Nello stesso istante entro la cameriera con il caffe e le ordinazioni. La ringraziarono e aspettarono che si allontanasse, poi Matthew riprese la parola. «Si tratta di una lunga serie di operazioni chirurgiche e interventi di ogni tipo. La cosa che mi ha colpito di piu e stata la forma della sua lingua. Ti sei sicuramente resa conto che una delle foto raffigurava la cavita orale di Harald, no?» Thora annui e lui continuo: «Se l’era fatta tagliare in due per il lungo.
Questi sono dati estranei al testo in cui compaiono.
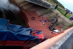 Agentes policiales de seguridad vial trabajaron en el balizamiento y control vehicular a raíz de un siniestro donde un camión con acoplado habría despistado por el cantero central en zona del puente en el km 131 cayendo en el arroyo y el conductor se encontraba atrapado.
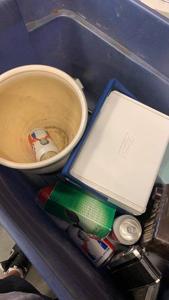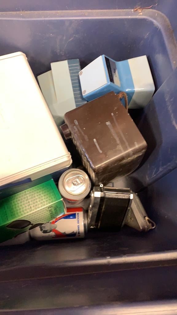 TOTE OF VINTAGE COLLECTIBLES, CAMERA, VIEWFINDERS, RADIO
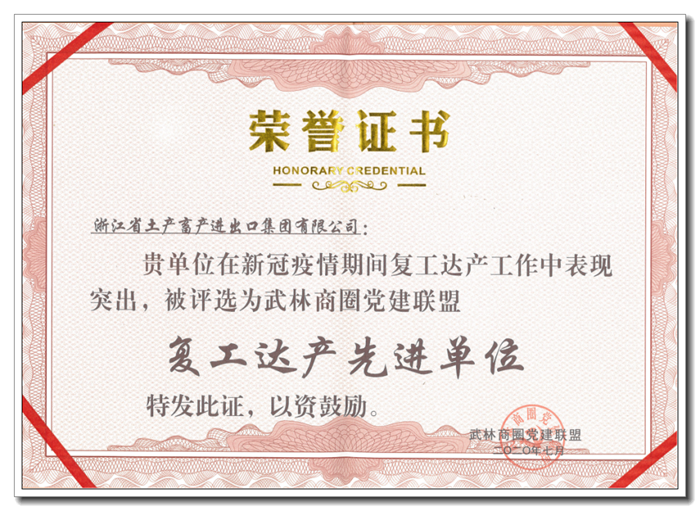 7月15日晚,杭州市武林商圈黨建聯(lián)盟舉行2020年年會,來自聯(lián)盟各成員單位的300余名黨員參加活動。大會表彰了在疫情防控、復(fù)工達產(chǎn)、黨建共建方面的模范單位以及在疫情防控工作中表現(xiàn)突出的先進黨員,省土畜被授予“復(fù)工達產(chǎn)先進單位”稱號。浙江省商務(wù)廳黨組書記、廳長,聯(lián)盟輪值主席盛秋平,杭州市下城區(qū)委書記劉穎出席會議,并為獲得表彰的單位和個人頒發(fā)證書獎杯。
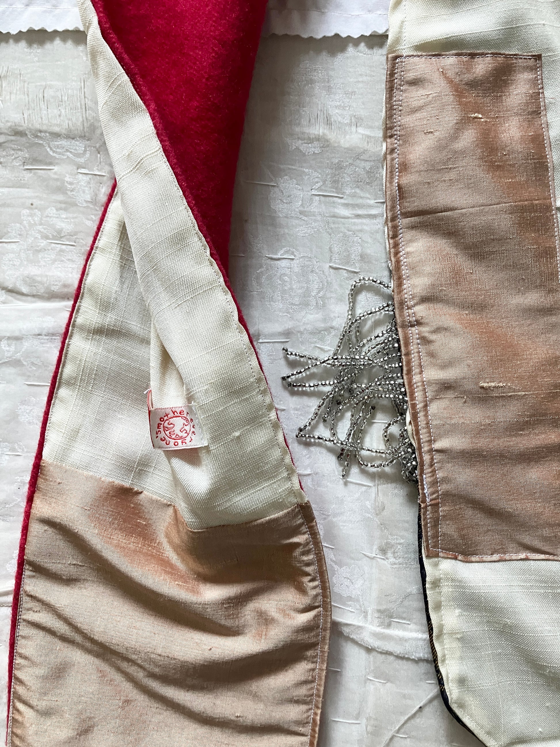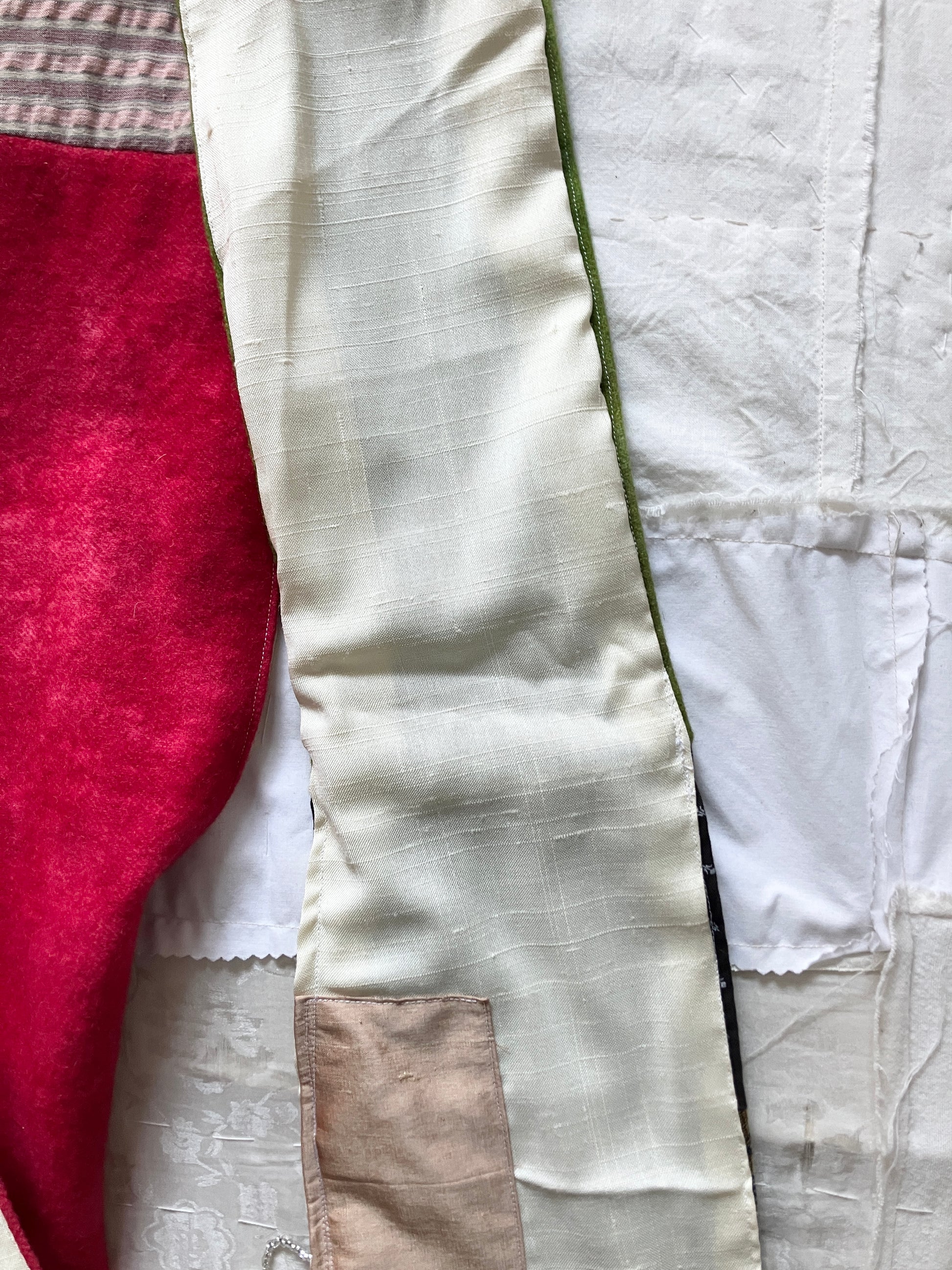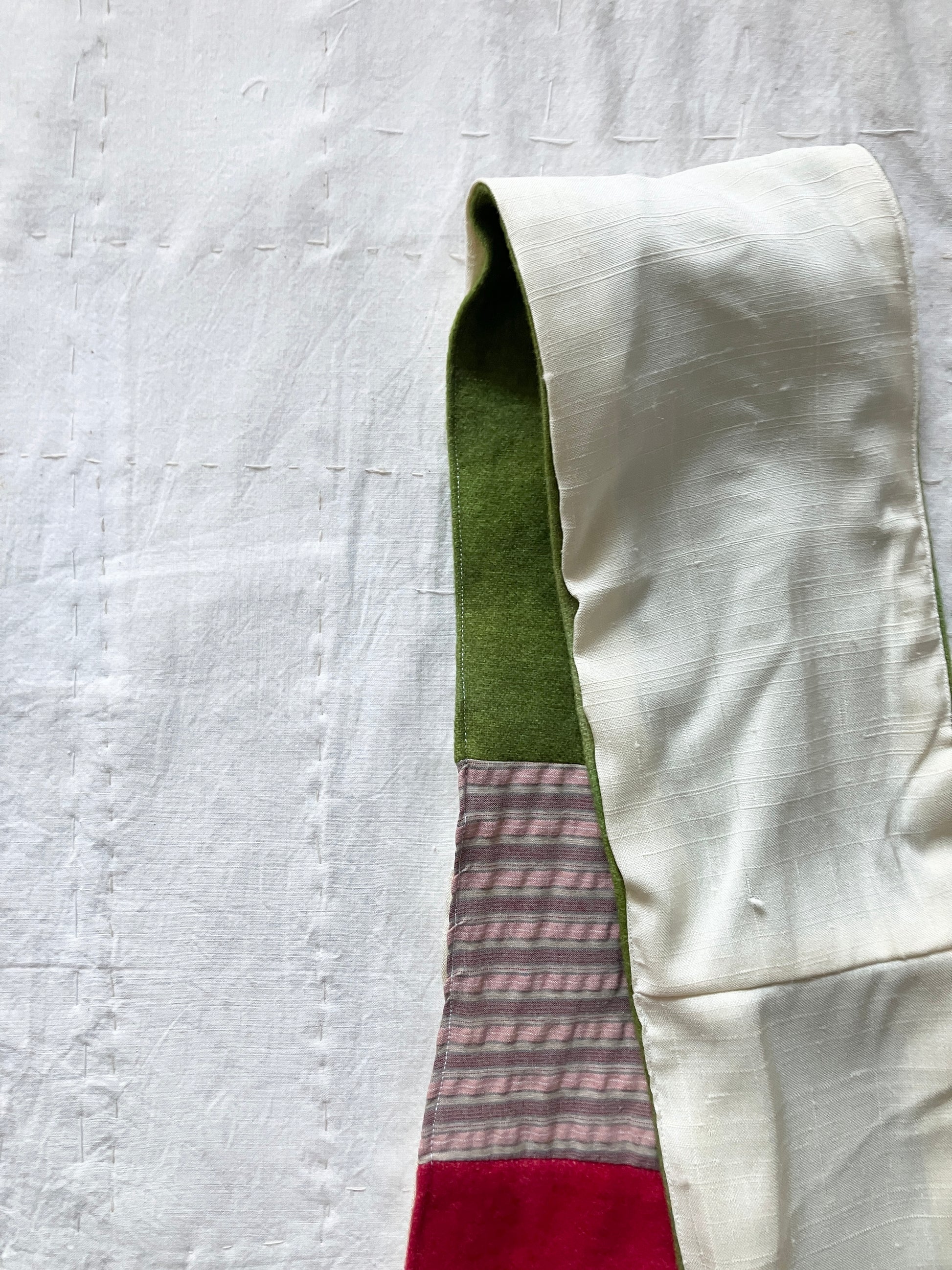 デッドストックやセカンドハンド、残布など、どこかで一度眠っていた素材たちに光をあて、自由にパッチワークされて手作りされた一点もののスカーフ。
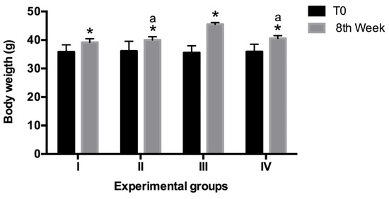 Weight of the mice per group. The weight at the beginning (Time 0) compared to the end of the experiment (8th week) was different. In group III (vanadium) the weight gain was higher than in the other groups. N = 10, values are expressed as the mean of body weight ± SEM in grams (ANOVA p ≤ 0.05 Tukey’s post hoc).* statistically significant differences vs. T0; a: statistically significant differences versus group III 8th week.

Probabilmente per farla assomigliare alla lingua di un serpente, il che, confesso, gli e riuscito perfettamente».

«Come si fa a parlare normalmente con una lingua del genere?» domando Thora.

«A quanto afferma il medico, non e improbabile che la sua pronuncia fosse peggiorata dopo un simile trattamento, ma non possiamo dirlo con certezza. Comunque, ci ha tenuto a precisare che quell’operazione non e certo diffusa, ma Harald non era affatto un precursore in materia.»

«Pero non se l’e certamente fatta da solo una lingua cosi. Chi esegue questo genere di operazioni?» chiese Thora stupita.